式終了後、ライアンはファビアンのところへ歩み寄ると、

「…親父、この計画の立案者って誰?」

「お前の爺さんだが?いい旅行になるだろう、ってさ」

「あのさ、可愛い子には旅をさせよっていうけどさ、行先がいきなり過酷すぎないか?愛する息子がいきなり消息不明にでもなったらどうするんだよ」

「大丈夫だ、お前ほどの腕でそんな簡単に消息不明になるってことはない。なあに、俺と親父でサポートするさ」

「だったら親父とじいちゃん主導でいいじゃないか」

「バカ、親父の立場考えてみろ。名目上は隠居の身だぞ」

「隠居の身で星間航行船のパイロットなんか普通しないでしょ」

そういうとファビアンはライアンを残し、執務室を出ていった。


ライアン・アーチマンは、先述の通りファビアン・アーチマンの息子である。要は、ブエナビスタの三代目マスターと目されている。

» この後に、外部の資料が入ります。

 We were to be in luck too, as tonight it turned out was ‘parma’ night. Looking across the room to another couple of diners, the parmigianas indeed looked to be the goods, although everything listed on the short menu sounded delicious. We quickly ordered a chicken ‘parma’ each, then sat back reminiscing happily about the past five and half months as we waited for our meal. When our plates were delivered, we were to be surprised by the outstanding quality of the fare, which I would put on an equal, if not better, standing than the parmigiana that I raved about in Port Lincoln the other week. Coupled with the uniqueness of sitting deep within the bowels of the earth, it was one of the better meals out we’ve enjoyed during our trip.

祖父であるトムも父ファビアンも切れ者だったが、ライアンは学生の時から天才だった。いかんせん、入学にも卒業にも厳しい試験の課されるイズラン・アカデミーにて、入学から卒業まで学年主席として在籍し続け、卒業試験を満点で合格した史上初の生徒だった。だが、一方で、

「寮の門限破りの常習犯であったにもかかわらず、寮長に毎回見つかることなく帰寮し、また抜け出して遊びに行っていた」

「どんなに優秀な生徒でも一度は怒られる鬼教官から、一度も怒られたことがなかった」

という、やや武勇伝めいた話も聞かれた。


さて、そのライアンは小会議室に、特務へ同行するメンバーを集めた。

「グランドマスターから直々のご指名だ」

一瞬、その場にいた全員から声が上がったが、

「ブルー・ラグーンへ遊びに行ってこいだとさ」

というライアンの二言目でその場はあっさり静まり返った。

「…当然、マスター特務だから拒否もできない、ってか」

ライアンの右隣に座っていた、明るい色の髪を持った男が口を開いた。